▶ **Task details**
Pictures are to be left out, and only the lines below starting at the one with "국경 간 여성 가방 넓은" and ending at the one with "Original silla creada" are to be reproduced, each exactly, both ends included.

=== Data to use ===

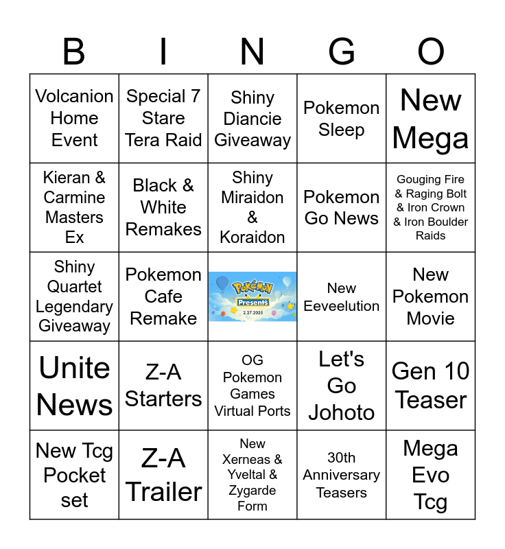 This bingo card has a free space and 24 words: Z-A Starters, Z-A Trailer, Shiny Miraidon & Koraidon, New Tcg Pocket set, New Mega, Volcanion Home Event, Kieran & Carmine Masters Ex, Special 7 Stare Tera Raid, New Eeveelution, OG Pokemon Games Virtual Ports, Pokemon Go News, Shiny Quartet Legendary Giveaway, Let's Go Johoto, Gen 10 Teaser, Black & White Remakes, 30th Anniversary Teasers, New Pokemon Movie, Shiny Diancie Giveaway, Gouging Fire & Raging Bolt & Iron Crown & Iron Boulder Raids, Pokemon Cafe Remake, Mega Evo Tcg, Unite News, Pokemon Sleep and New Xerneas & Yveltal & Zygarde Form.
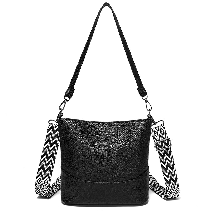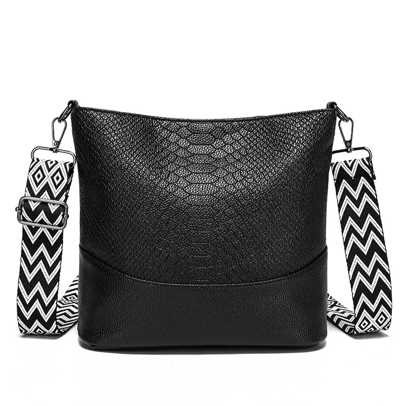 국경 간 여성 가방 넓은 어깨 스트랩 웨빙 백 2025 새로운 도착 악어 패턴 유행 새로운 도착 어깨 가방 여성 버킷 백
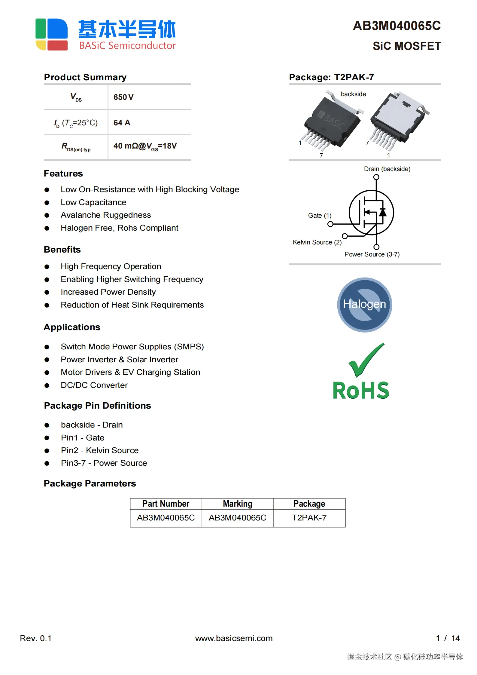 低寄生参数:Kelvin Source引脚(Pin2)减少开关环路电感,优化高频性能。
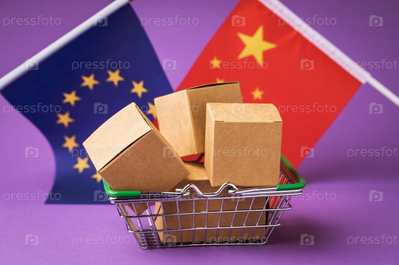 Картонные коробки в продовольственной корзине, флаги Китая и Европейского союза на цветном фоне, концепция торговли между странами
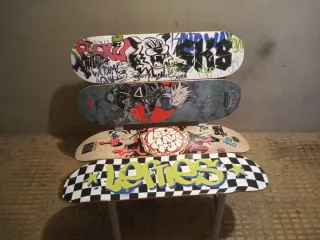 Original silla creada a partir de tablas de skate. - Tablas de skate con diseños variados. - Estructura de metal.
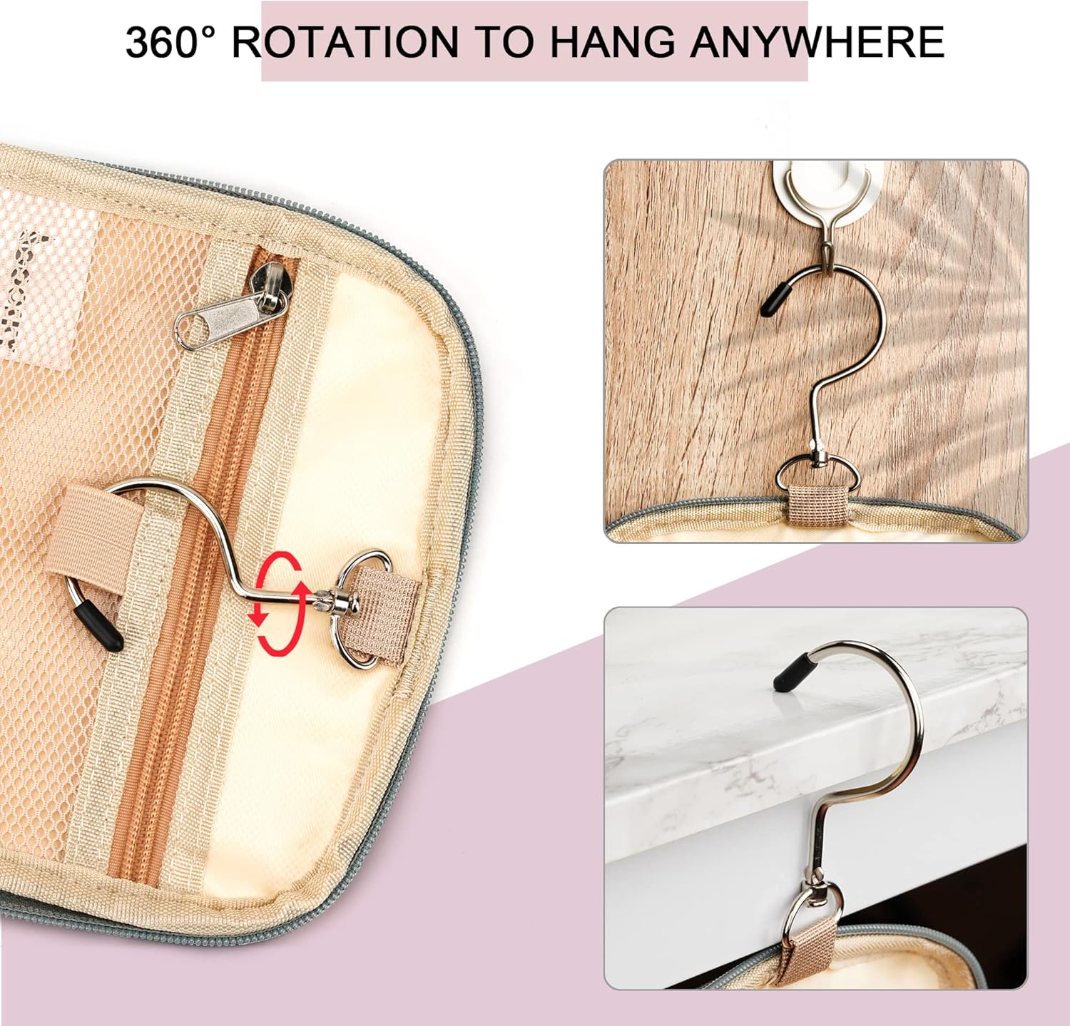 - CONSIDERABLE DESIGN - The elastic band and elastic mesh bag in the main compartment and two side compartments can keep the bottle fixed and upright. It has two waterproof compartments specially used for storing wet items. You can put your wet towel, toothbrush, shaving kit, and leaky cosmetics in it. The 360 degrees rotate metal hook gives you a variety of hanging options.
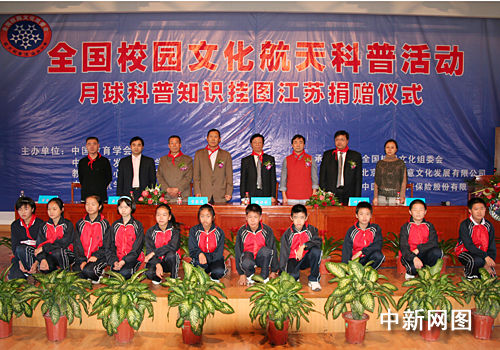 10月底,“嫦娥一號(hào)”探月衛(wèi)星將發(fā)射升空。為了迎接“嫦娥一號(hào)”的發(fā)射,10月15日,在江蘇省昆山市,中國人民財(cái)產(chǎn)保險(xiǎn)股份有限公司向江蘇省中小學(xué)生捐贈(zèng)了月球科普掛圖2000套。這套掛圖是目前國內(nèi)首次以生動(dòng)、活潑的卡通形象“航天娃娃”向中小學(xué)生介紹月球地貌、月球資源、月球開發(fā)、月球基地建設(shè)等月球科普知識(shí)。據(jù)了解,這次捐贈(zèng)的主要目的是把太空和月球知識(shí)送到中小學(xué)生中,以激發(fā)他們對(duì)航天知識(shí)的興趣,提高他們的科學(xué)素養(yǎng),培養(yǎng)開拓創(chuàng)新和刻苦鉆研的科學(xué)精神。劉明明 攝

===

▶ **Your solution**
 국경 간 여성 가방 넓은 어깨 스트랩 웨빙 백 2025 새로운 도착 악어 패턴 유행 새로운 도착 어깨 가방 여성 버킷 백
 低寄生参数:Kelvin Source引脚(Pin2)减少开关环路电感,优化高频性能。
 Картонные коробки в продовольственной корзине, флаги Китая и Европейского союза на цветном фоне, концепция торговли между странами
 Original silla creada a partir de tablas de skate. - Tablas de skate con diseños variados. - Estructura de metal.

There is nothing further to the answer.